AmeriCredit Corp. closed its smallest deal of the year last week, a $500 million subprime auto transaction, the company's first public deal with a senior/subordinate credit enhancement structure, according to spokeswoman Kim Pulliam.

Expect a $600 million to $800 million follow-up deal later this quarter from AmeriCredit, featuring the company's standard triple-A wrap structure (generally provided for by Financial Security Assurance).

AmeriCredit veered from its quarterly $1 billion-plus wrapped deal to access a wider range of investors.

"We had some investors specifically request higher yielding paper," Pulliam said. "They are able to get that with some of the subordinate tranches."

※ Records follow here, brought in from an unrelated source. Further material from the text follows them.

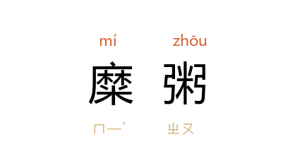 引《礼记·问丧》:“水浆不入口,三日不举火,故邻里为之糜粥以饮食之。”孔颖达 疏:“糜厚而粥薄。”《后汉书·礼仪志中》:“年始七十者,授之以玉杖,餔之以糜粥。”《旧唐书·方伎传·孟詵》:“又令每岁春秋二时,特给羊酒糜粥。”金 元好问 《示崔雷诗社诸人》诗:“江山自许供诗笔,糜粥犹能到酒杯。”
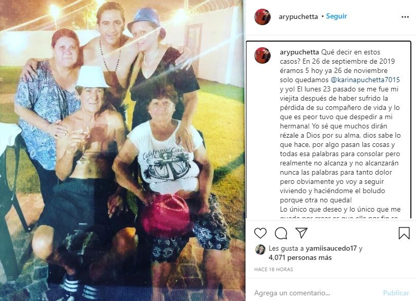 "Yo sé que muchos dirán rézale a Dios por su alma, dios sabe lo que hace, por algo pasan las cosas y todas esa palabras para consolar pero realmente no alcanza y no alcanzarán nunca las palabras para tanto dolor pero obviamente yo voy a seguir viviendo y haciéndome el boludo porque otra no queda!", explicó sentido Ariel.
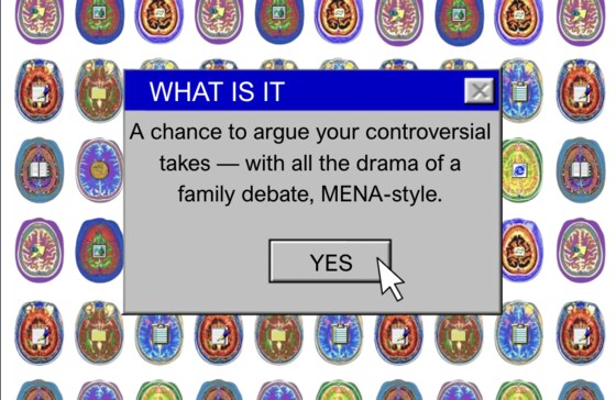 🧠 MENA DEBATE NIGHT 📅 7 AUG | 🕕 6:00PM | 📍407.208 Controversial takes. Family-level drama. But guess what? Baba’s not here to interrupt this time. Join us for MENA’s first ever Debate Night, a fun, laid back space to explore topics big or small. This is your chance to share your thoughts and hear others out. No group needed; come ready to reflect, challenge, and laugh. Just bring your hot takes and your sense of humour. Expect an open mic, debates, audience opinions and refreshments.

AmeriCredit's prior deal, which closed in August, was worth $1.1 billion and structured in four A-class tranches, one with a short-term P-1/A-1+ rating and three with triple-A ratings.

Last week's deal was definitely a divergence. Subordinating the three A-class pieces were four additional classes: from the double-A rated B-class notes down to the double-B rated E-class notes. The three-year B-class notes were talked at swaps plus 50 to 55. Pricing on the subordinates was not available.

The highest yielding tranche of AmeriCredit's August priced at swaps plus 20, according to published reports.

"This is something that we tried for the first time, yet it will go to supplement the wrapped transactions as well," Pulliam said. "We expect to still be in the market quarterly with a wrapped transaction."